Youra Eshaya Pera (ܝܘܪܐ ܐܫܥܝܐ, يورا أيشايا) (1933-1992) is a former Assyrian and Iraqi football player who was the first Iraqi player ever to play in England.

==Early life==
He was born in 1933 in Iraq to Eshaya Pera and Batishwa Benyamin. His family moved to Baghdad to live at the Royal Air Force Station Hinaidi in 1935, where Youra's father worked for the Royal Air Force (RAF). In 1937, the family was transferred to Habbaniya along with the rest of the Hinaidi Assyrian and Armenian civilians and the Assyrian levies employed by the Royal Air Force.

==Football career==
At the age of 15, Youra started to play Levy Civilian in the RAF Football League in Habbaniya. He was soon promoted to the senior team for the 1949/50 season.

In April 1953, Flight Lieutenant R. K. Weston, a talent-scout for Bristol Rovers spotted him and recommended him to Bert Tann the Bristol Rovers manager at that time. Youra arrived in England on in August 1954. Since he only got a one-month work permit in England, he had to appeal twice to extend his work permit. He finally worked as a miner in order to stay in England while playing as an amateur for Bristol Rovers 3rd team in the Western League. He was granted employment by the National Coal Board and he started working as a miner at Pensford Colliery, Somerset, on November 7, 1954.

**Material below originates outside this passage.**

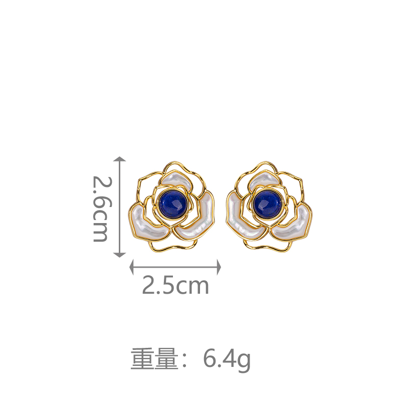 Natural Lapis Lazuli Camellia Stud Earrings - Elegant & Luxurious

Youra played only four games in his second season before the president of the Royal Iraqi Air Force FC, Brigadier Kadhim Abbadi, invited him back to Iraq. He was offered an Iraqi citizenship and a place for him on the Force as a warrant officer provided he play for his club and returned to Baghdad in December 1955.

==Career statistics==
===International goals===
Scores and results list Iraq's goal tally first.

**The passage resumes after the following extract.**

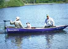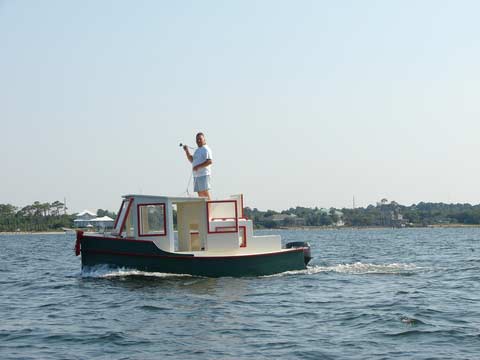 Here's a picture of me showboating & tooting my own horn (bicycle horn). I had tied a line to the steering wheel and then routed it over the top of the boat and back to the steering wheel. I then stood on the top and took pictures of the boats in the Florida-120 as I overtook them.

| No | Date | Venue | Opponent | Score | Result | Competition |
| 1. | 19 October 1957 | Beirut | Morocco | 2–3 | 3–3 | 1957 Pan Arab Games |
| 2. | 23 October 1957 | Libya | 2–1 | 3–1 |

==Retirement==
He was forced to retire in 1971 after he married a Swedish woman because the Baathist Government prohibited military personnel from marrying women from non-Arab countries. He was later transferred to Habbaniya air base where he coached and trained military sportsmen. He moved to Sweden where he worked as a youth soccer coach. He died on July 21, 1992, at the age of 59.